Provided information below:

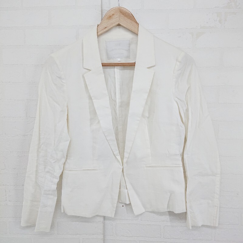 ◇ 23区 ニジュウサンク シンプル リネン混 涼しげ 長袖 ジャケット サイズ38 ホワイト レディース E
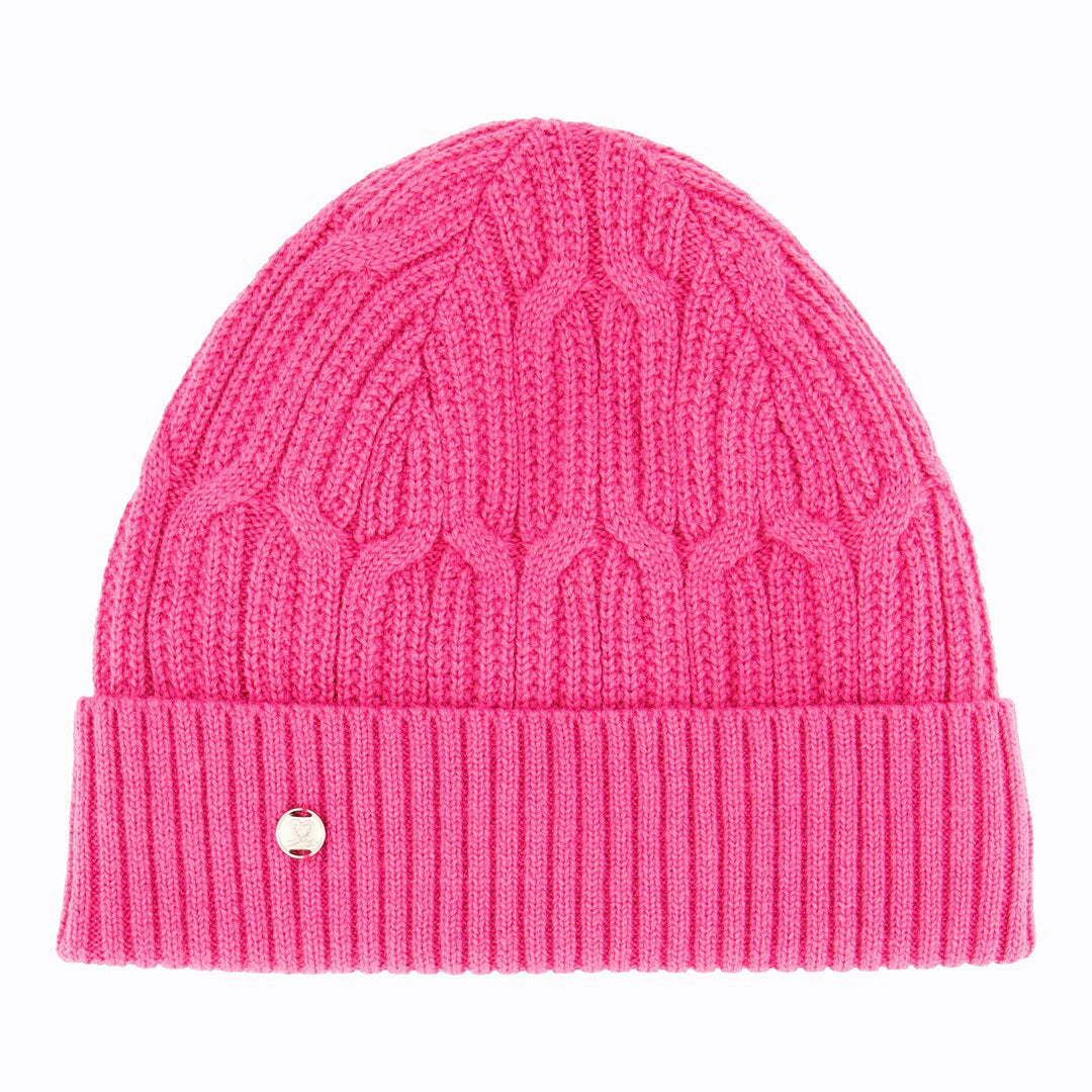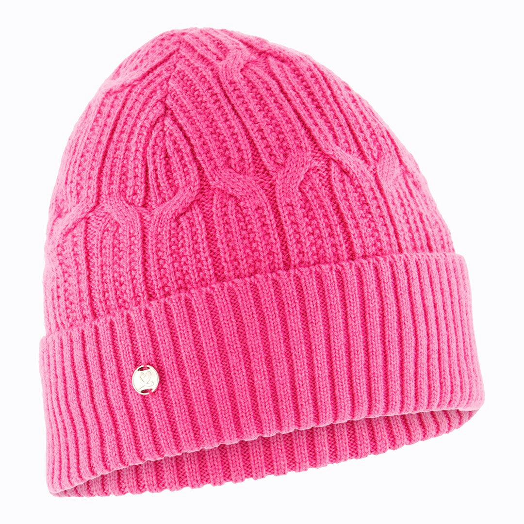 Stay cozy and stylish with the Olivet cable-knit hat. Crafted in a warm jacquard knit, this hat features a soft lining for ultimate comfort. Made from a blend of 70% acrylic and 30% wool, it provides excellent warmth and a snug fit. The elegant design makes it perfect for wearing at the golf club or for everyday use.
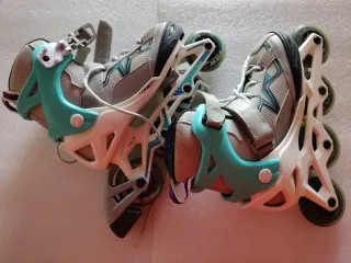 Patines en línea para niños o adultos jóvenes. Son cómodos y seguros para iniciarse en el patinaje. - Color gris y turquesa. - Cierre de velcro y cordones. - Ruedas de 80mm. - Entrego Barcelona ciudad, zona plaza de Sanllehy
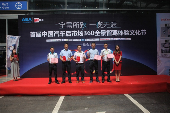 在此次秋季展中還開展了“首屆中國汽車后市場(chǎng)360全景智駕體驗(yàn)文化節(jié)”,深圳道可視科技有限公司劉經(jīng)理(左四)出席文化節(jié)開幕。
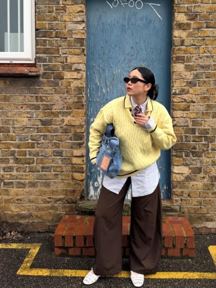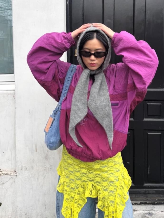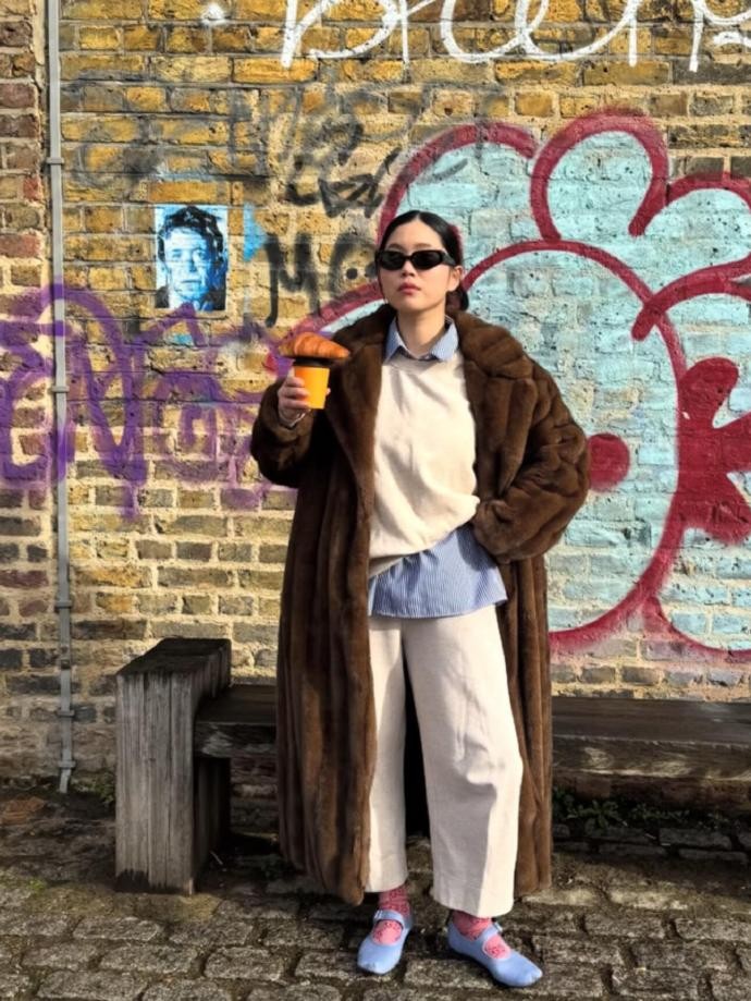 她的穿搭里藏着很多提升精致感的细节,配饰永远是画龙点睛的存在。从迷你腋下包到牛仔托特包,包款的选择总能和整体风格呼应,毛绒贝雷帽、针织连帽围巾的加入,既兼顾了保暖又强化了造型的复古氛围,就连袜子和鞋子的搭配都充满巧思 —— 蓝色中筒袜配分趾鞋,粉色袜子搭玛丽珍,这些小细节让造型更完整,也让日常穿搭多了几分趣味。她还很擅长利用叠穿制造层次感,衬衫外搭毛衣、毛衣外披大衣,或是在腰间系上一件针织衫,简单的单品瞬间就有了更多可能性。
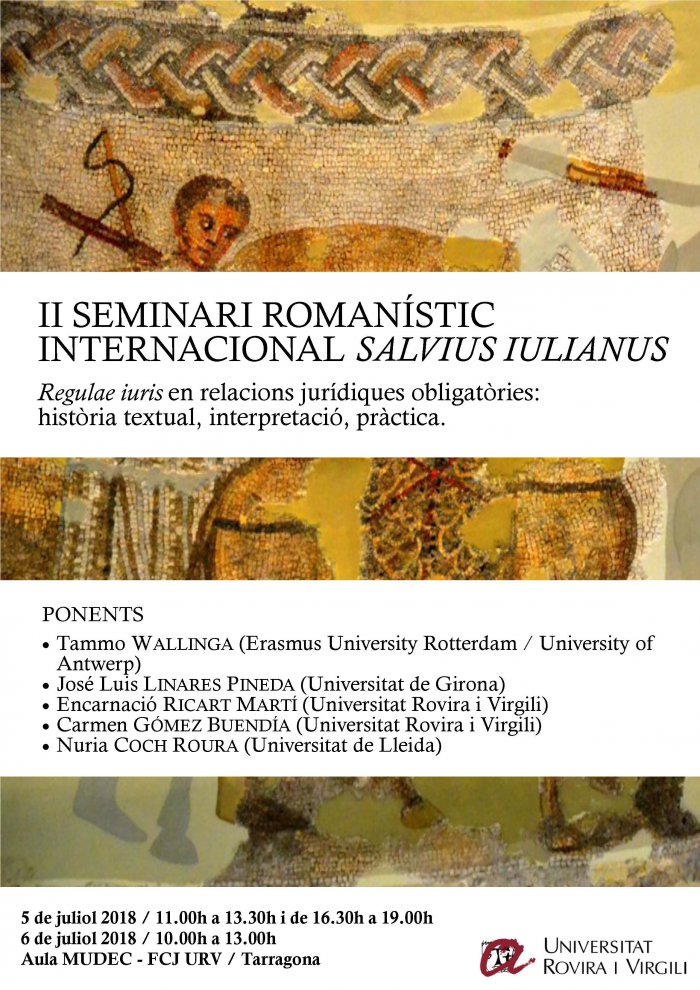 L'equip investigador del projecte "Regulae iuris sobre relaciones jurídicas obligatorias: historia textual, interpretación, práctica", liderat per la Univeristat Rovira i Virgili, ha organitzat el II Seminari Romanístic Internacional Salvio Juliano els dies 5 i 6 de juliol de 2018 a la Facultat de Ciències Jurídiques de la URV.
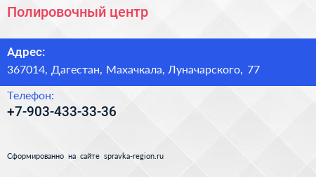 Полировочный центр по адресу 367014, Дагестан, Махачкала, Луначарского, 77 в дальнейшем Организация, размещена в следующих категориях:
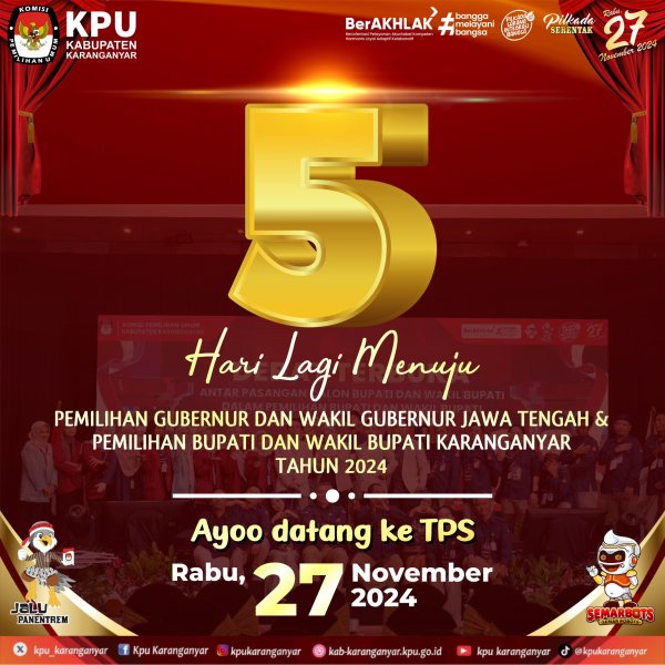 5 Hari Lagi Menuju Pemilihan Gubernur dan Wakil Gubernur Jawa Tengah serta Bupati dan Wakil Bupati Karanganyar Tahun 2024.
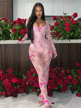 Sexy See Through Jumpsuit Lace Women Summer Fashion Coquette
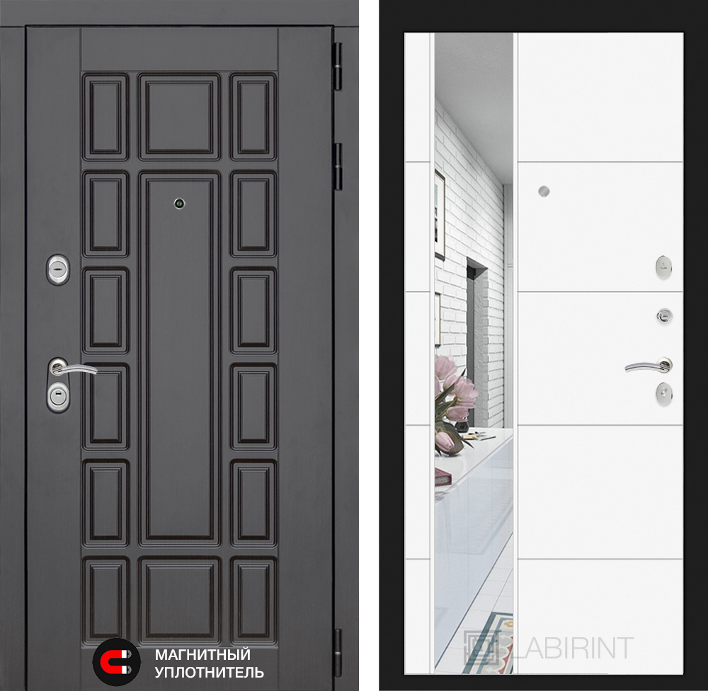Внутренняя отделка: Декоративная MDF панель 12 мм с Зеркалом (ширина 230 мм), цвет «Белый софт»

End of Provided information.

» Task statement
Repeat word for word the lines above, from the first entry through the line containing "Stay cozy and", with both ends kept and the pictures dropped.

» Result
 ◇ 23区 ニジュウサンク シンプル リネン混 涼しげ 長袖 ジャケット サイズ38 ホワイト レディース E
 Stay cozy and stylish with the Olivet cable-knit hat. Crafted in a warm jacquard knit, this hat features a soft lining for ultimate comfort. Made from a blend of 70% acrylic and 30% wool, it provides excellent warmth and a snug fit. The elegant design makes it perfect for wearing at the golf club or for everyday use.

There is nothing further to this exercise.